En sorunlusu Ukrayna-Rusya krizi
Bugün Ukrayna-Rusya, Çin-Tayvan ve İsrail-Filistin üzerinden büyük savaş okuması yapılmaya çalışılıyor. Çin-Tayvan üzerinden bir savaş okumasının zor olduğu kanaatindeyim. Çin için Tayvan’ın kırmızı çizgi olduğu doğrudur. Ancak Çin, hâlâ ekonomik ve askeri yapılandırmasının bir savaşı kaldırabileceği inancı taşımıyor. Burada ekonomisinin Batı’yla olan ilişkisi önemli etken. ABD ise Ukrayna krizi varken ikinci bir cephe açmak istemez. Bu etkenler bölgede statükonun devamını sağlıyor.

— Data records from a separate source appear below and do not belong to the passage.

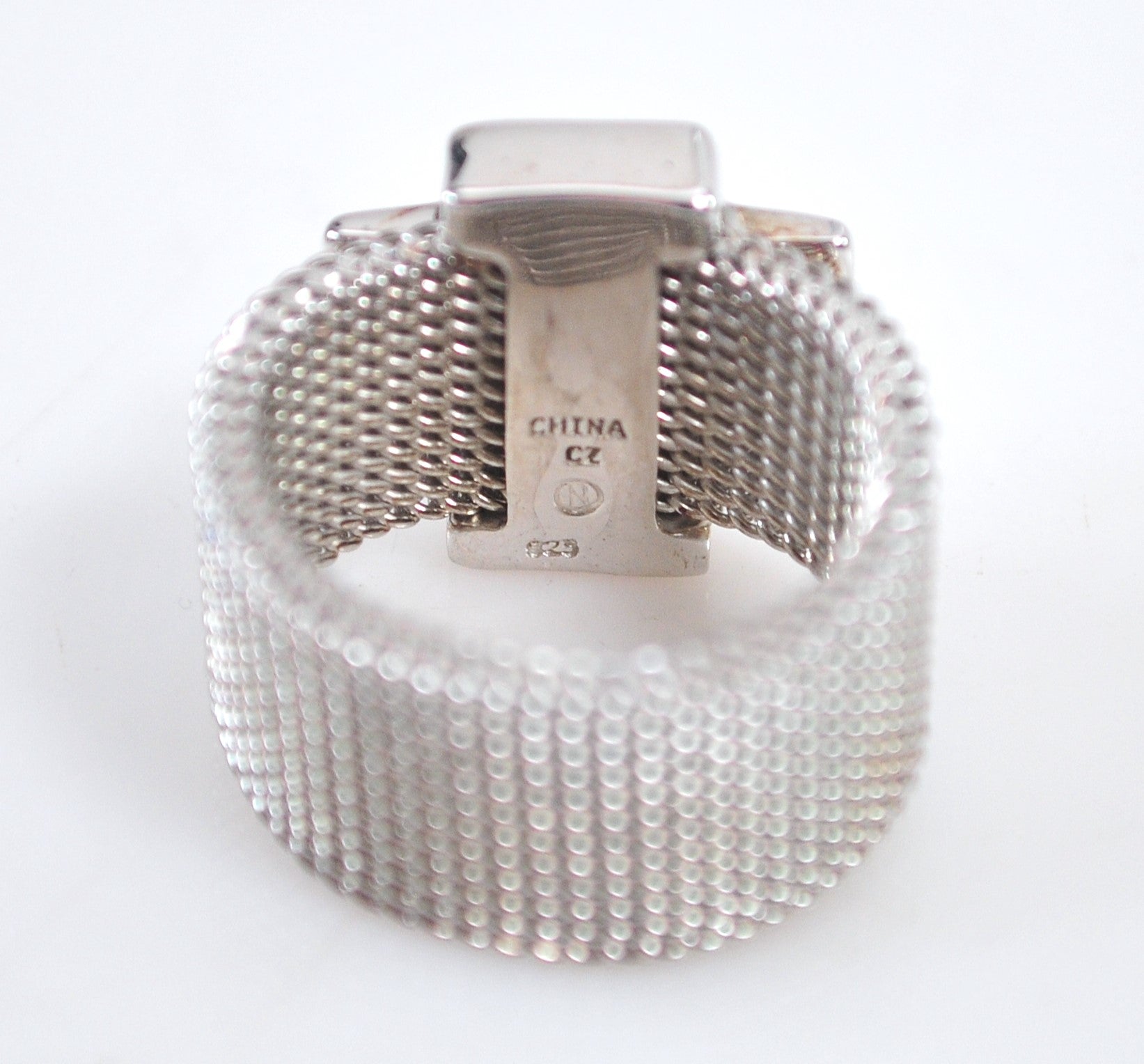 Sparkly sterling silver wide mesh CZ cross ring is signed 925 CZ China and a maker's mark of an N in a circle and features a 3/8 inch band.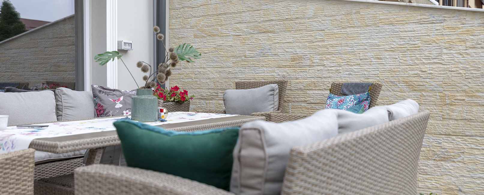 Trotz eines relativ hohen Preises im Vergleich zu anderen Baumaterialien wie Backstein – Sicht- oder Naturstein – haben Steinhäuser langfristige Vorteile. Naturstein vermittelt Stärke und Sicherheit, Eleganz und einen klassischen / rustikalen / modernen Stil. Neben ihrem einzigartigen Aussehen ist Splitface-Verkleidung ein langlebiges und äußerst widerstandsfähiges Material gegen viele äußere Faktoren, einschließlich Temperaturschwankungen. Außerdem verbessert eine Außenverkleidung aus Naturstein die thermische Leistung des Hauses.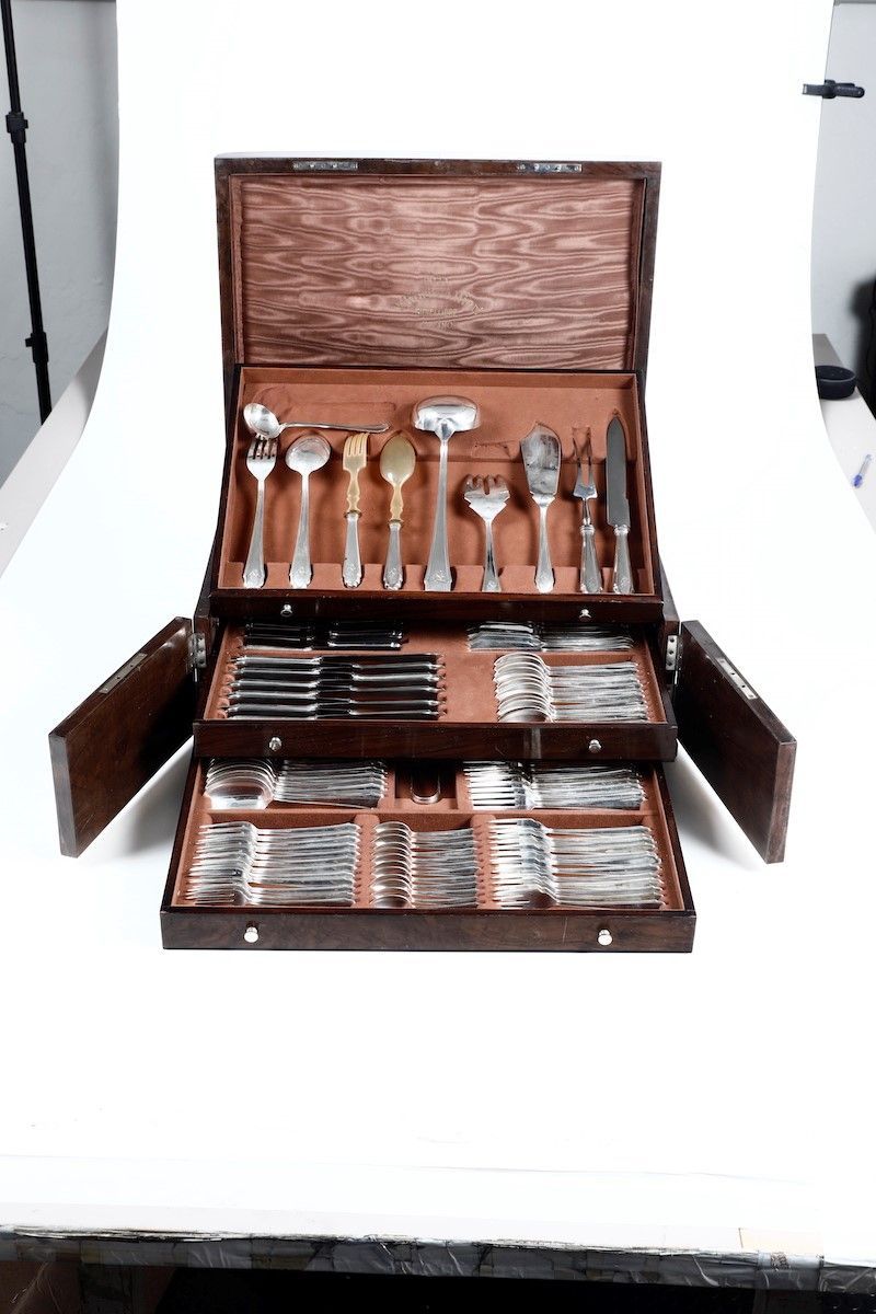 Composto da 11 posate da portata di varie misure, 12 coltelli, forchette e cucchiai, 12 coltelli e forchette da pesce, 12 coltelli, forchette e cucchiai medi, 12 cucchiaini da caffè.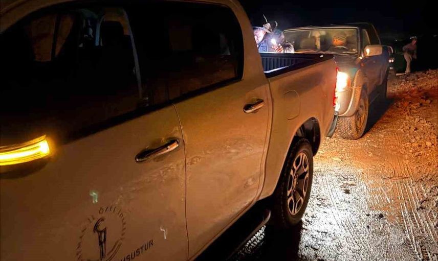 GERCÜŞ’TE ÇAMURA SAPLANAN ARACI ÖZEL İDARE EKİPLERİ KURTARDI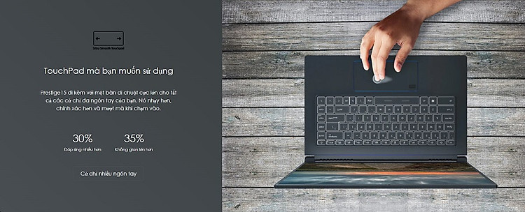 Msi prestige i7 có touchpad cực lớn, lớn hơn 35% mẫu touchpad thông thường, và có khả năng phản hồi nhanh hơn 30%. Từ đó bạn có thể thao tác dùng nhiều ngón tay hoạt động cùng lúc trên bề mặt.

İsrail-Filistin sorununun yayılmasında ise kilit ülke İran. İsrail’in Lübnan Hizbullahı’na karşı girişebileceği bir saldırı İran’ı doğrudan bir çatışmanın içerisine sokar mı? Bu şüpheli. İran’ın dahil olduğu bir çatışmada Arap devletlerinin salt İran yanlısı olacağını düşünmek de doğru olmaz. Bunun yanında böyle bir çatışmada diğer Arap devletleriyle ilişkisi enerjiye dayalı olan Çin’in İran’a tam destek vermesi zor. Dolayısıyla olası çatışmalar İsrail-Arap savaşları gibi bölgesel kalır düşüncesindeyim.

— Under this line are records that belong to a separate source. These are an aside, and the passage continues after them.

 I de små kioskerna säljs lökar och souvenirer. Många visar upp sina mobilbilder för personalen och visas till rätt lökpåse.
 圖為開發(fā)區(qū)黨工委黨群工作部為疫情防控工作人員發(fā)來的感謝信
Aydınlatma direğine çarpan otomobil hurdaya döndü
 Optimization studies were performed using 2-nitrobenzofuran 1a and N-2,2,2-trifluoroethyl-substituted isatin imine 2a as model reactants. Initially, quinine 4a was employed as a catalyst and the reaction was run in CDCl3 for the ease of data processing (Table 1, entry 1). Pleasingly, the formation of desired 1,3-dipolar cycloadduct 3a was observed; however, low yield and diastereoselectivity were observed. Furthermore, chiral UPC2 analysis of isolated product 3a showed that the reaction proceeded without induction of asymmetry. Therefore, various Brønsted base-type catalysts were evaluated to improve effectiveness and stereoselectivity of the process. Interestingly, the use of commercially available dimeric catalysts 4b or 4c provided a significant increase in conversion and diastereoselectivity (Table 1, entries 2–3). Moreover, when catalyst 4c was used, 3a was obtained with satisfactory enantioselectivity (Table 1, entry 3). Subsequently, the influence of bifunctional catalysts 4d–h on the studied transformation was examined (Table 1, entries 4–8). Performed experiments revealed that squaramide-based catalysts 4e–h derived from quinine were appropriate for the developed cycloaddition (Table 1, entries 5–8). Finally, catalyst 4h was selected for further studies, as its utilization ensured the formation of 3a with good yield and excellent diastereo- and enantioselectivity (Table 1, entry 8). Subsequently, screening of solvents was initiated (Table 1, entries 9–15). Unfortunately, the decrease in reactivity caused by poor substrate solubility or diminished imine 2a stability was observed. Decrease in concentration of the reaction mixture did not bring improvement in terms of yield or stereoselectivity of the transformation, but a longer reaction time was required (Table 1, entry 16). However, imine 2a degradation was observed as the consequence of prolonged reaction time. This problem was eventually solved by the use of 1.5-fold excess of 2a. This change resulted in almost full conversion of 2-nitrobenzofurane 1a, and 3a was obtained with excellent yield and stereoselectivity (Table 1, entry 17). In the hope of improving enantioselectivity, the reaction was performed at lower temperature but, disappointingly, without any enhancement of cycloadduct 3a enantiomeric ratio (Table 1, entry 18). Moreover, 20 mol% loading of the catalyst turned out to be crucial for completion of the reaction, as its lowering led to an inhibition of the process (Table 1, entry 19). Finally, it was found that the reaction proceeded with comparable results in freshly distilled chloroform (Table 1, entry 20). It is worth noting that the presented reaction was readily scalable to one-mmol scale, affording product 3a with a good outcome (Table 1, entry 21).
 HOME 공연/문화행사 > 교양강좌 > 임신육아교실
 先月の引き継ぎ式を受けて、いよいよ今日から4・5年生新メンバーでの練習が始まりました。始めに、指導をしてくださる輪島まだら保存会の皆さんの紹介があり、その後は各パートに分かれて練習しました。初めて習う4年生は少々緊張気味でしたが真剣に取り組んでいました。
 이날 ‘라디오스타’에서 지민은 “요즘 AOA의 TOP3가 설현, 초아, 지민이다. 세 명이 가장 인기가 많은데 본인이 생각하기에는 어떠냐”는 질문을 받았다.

Diğer iki krizin aksine Ukrayna-Rusya arasında yaşanan çatışma Avrupa ve Asya’da büyük bir etki yaratma potansiyeline sahip. Batı destekli Ukrayna’nın kaybetmesi, Batı’nın kaybı olacak. Savaşın Avrupa sınırlarına dayanması ise AB için bir varoluş sorunu. Bu durum Avrupa’da büyük fikir ayrılıklarına neden olabilecek. Keza aşırı sağcı partilerin yükselişi, AB'nin geleceği için bir tehdit oluşturuyor. Avrupa güvenlik yapısının bozulması NATO’nun işin içine girmesi demek olur ki bu büyük bir savaşın işareti olur. Rusya’nın kaybetme olasılığı ise nükleer silahların ateşlenebileceği bir ortamı hazırlayabilir. Bu da 3. Dünya Savaşı’nı kaçınılmaz kılar.
Tüm bu tespitlere rağmen ABD'nin “tek ülkeye karşı tek savaş” yürütmeye dayalı bir 21'inci yüzyıl stratejisi geliştirdiği, Rusya ve Çin’in üçüncü dünya savaşı olmadan, çok kutuplu bir dünyada küresel güç olmak istediği düşünüldüğünde büyük bir savaş çıkMAMA olasılığı daha yüksek görünüyor. Uluslararası kurumların etkisini kaybetmesi küresel sorunlara ortak çözümler bulmayı zorlaştırsa da barışçıl çözümler için küresel bir işbirliği ve diyaloga ihtiyaç her zamankinden daha önemli hale geldi.
Tartışalım ama! İki büyük savaştan ders alarak barışı sürdürmeye odaklanalım derim.